Does The Mind Exist?

1. The mind, it can be asserted, is limited consciousness. This definition gives rise to two questions. One, is consciousness ever limited? And, two, is there such a thing as the mind?

2. If consciousness is limited, it must be limited by something. There are only two possible cases to examine: 3a) and 3b): consciousness is limited by something else, and 4) – 6): consciousness is self-limiting.

3a. If consciousness is limited by something else, then the likeliest candidates are space and time. A little reflection will show, however, that space and time are both thought-forms–and nothing else–and also that these thought-forms appear in consciousness. Further reflection will show that whatever this “something else” is, it must be an object, but any object whatsoever appears within consciousness. Therefore, because all objects (space, time, concepts, etc.) only ever appear within consciousness and because “all that is not consciousness” is some object or other, consciousness cannot be limited by something else.

3b. A second argument: Assuming that something apart from consciousness were to exist, could consciousness ever make contact with this else-ness? No, because the principle “like can only know, or make contact with, like” is confirmed by direct experience. Here, what is, by hypothesis, different from consciousness is unlike consciousness. For example, a physical object, being unlike consciousness, can never make contact with consciousness. The general conclusion is that even if something else exists, it cannot make contact with consciousness. The corollary is this: without any possible contact between something else and consciousness, how could that something else even possibly limit consciousness?

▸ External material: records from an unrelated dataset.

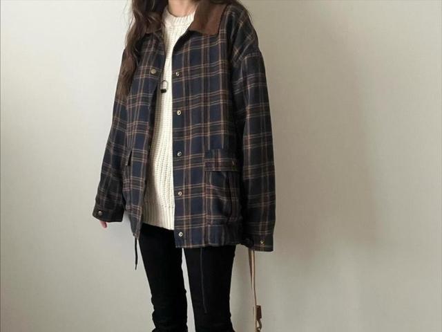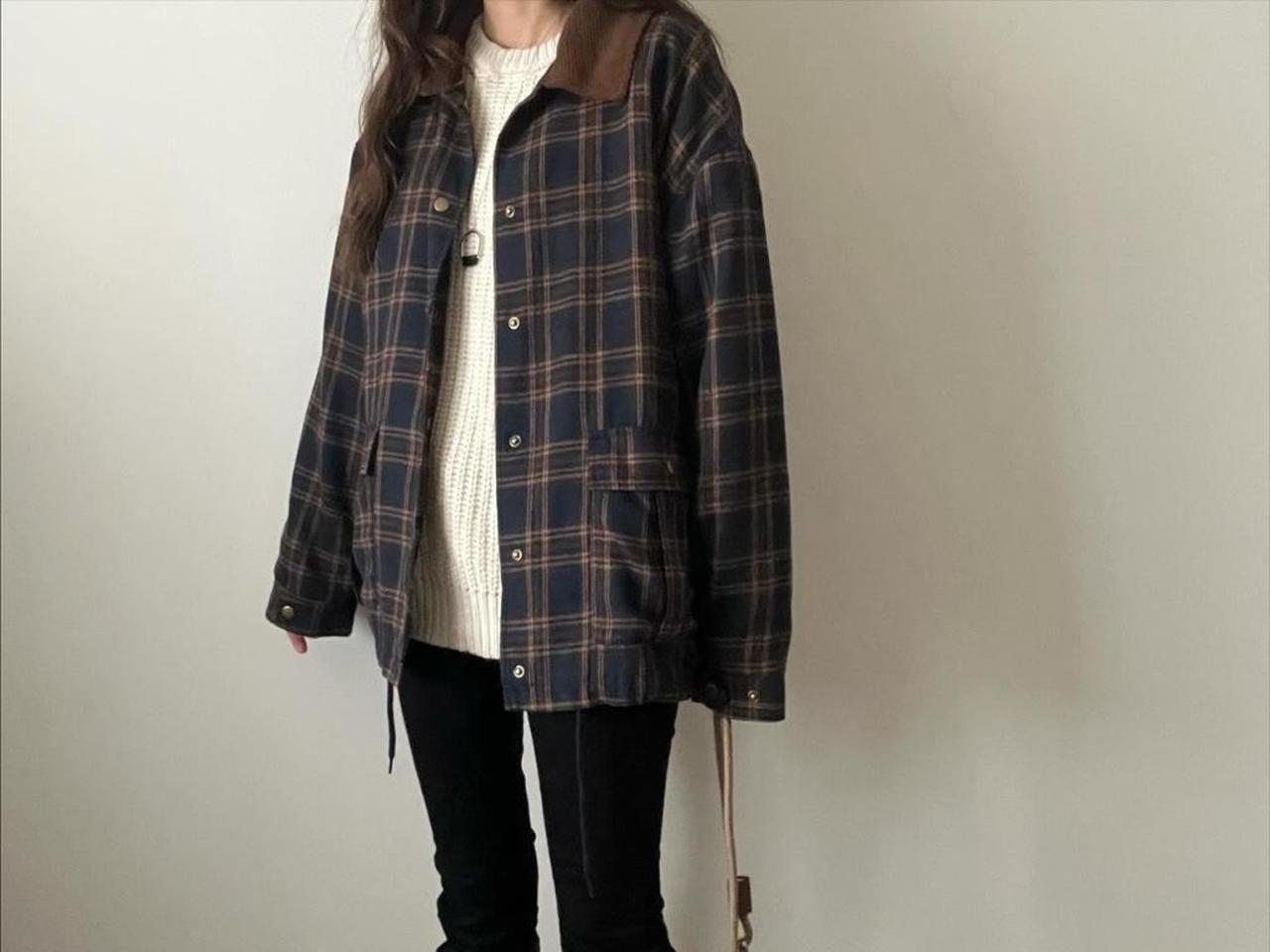 ブラウンのチェックアウターを、ロングブーツでピリッと引き締めた@sa_channn_さんの秋カジュアル。ゆるっとしたニットとスキニーの組み合わせに、重厚感のあるブーツを添えることでコーデがぐっと引き締まります。ほっこり見えしがちなブラウンチェックも、黒の締め色を効かせるだけで一気にモードな印象に。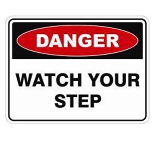 SIGN - DANGER WATCH YOUR STEP- 300x225mm ADHESIVE STICKER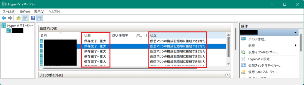 外付けSSD上にHyper-V仮想マシンを配置してりようしていたのですが、あるタイミングから「仮想マシンの構成記憶域に接続できません」というエラーがでるようになりました。その時の対応記録です。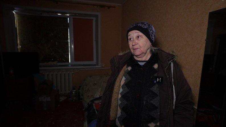 «Коли шарахнуло, в мене на половину вилетіло вікно. В одній кімнаті впала стеля і в іншій кімнаті трохи. Двері відкриті, не можу зайти, ледь залажу. Я спала, так шарахнуло, що я підлетіла. Не злякалася, я вже звикла до вибухів.

4. Then (our second case) can consciousness be self-limiting? This is an especially puzzling question. How would consciousness, being wholeness itself, ever actually divide itself into parts? Is it even possible to experience consciousness’s purported self-division or self-pulsation? And if such a division or pulsation is not even possible, then how, in actuality, could consciousness ever limit itself?

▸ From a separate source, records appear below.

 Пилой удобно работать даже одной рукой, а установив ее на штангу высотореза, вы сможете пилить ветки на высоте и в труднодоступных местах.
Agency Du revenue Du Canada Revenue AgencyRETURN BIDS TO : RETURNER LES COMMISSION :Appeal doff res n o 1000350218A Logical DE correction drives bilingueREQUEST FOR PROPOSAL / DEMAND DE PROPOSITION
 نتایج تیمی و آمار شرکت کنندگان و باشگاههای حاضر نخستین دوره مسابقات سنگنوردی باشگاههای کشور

5. If, then, consciousness is never actually limited, then how can the mind–which is defined as limited consciousness–actually exist? It is an unintelligible concept.

6. A second argument concerning the unreality of the mind: where, in direct experience, can you actually find “the mind”? You might find a thought, but where is that limited consciousness “from which” the thought is apparently arisen? It’s nowhere to be found!

7. If there is, in truth, no mind, then how can there ever be any real suffering? Since the mind is nonexistent, where is bondage and where is liberation?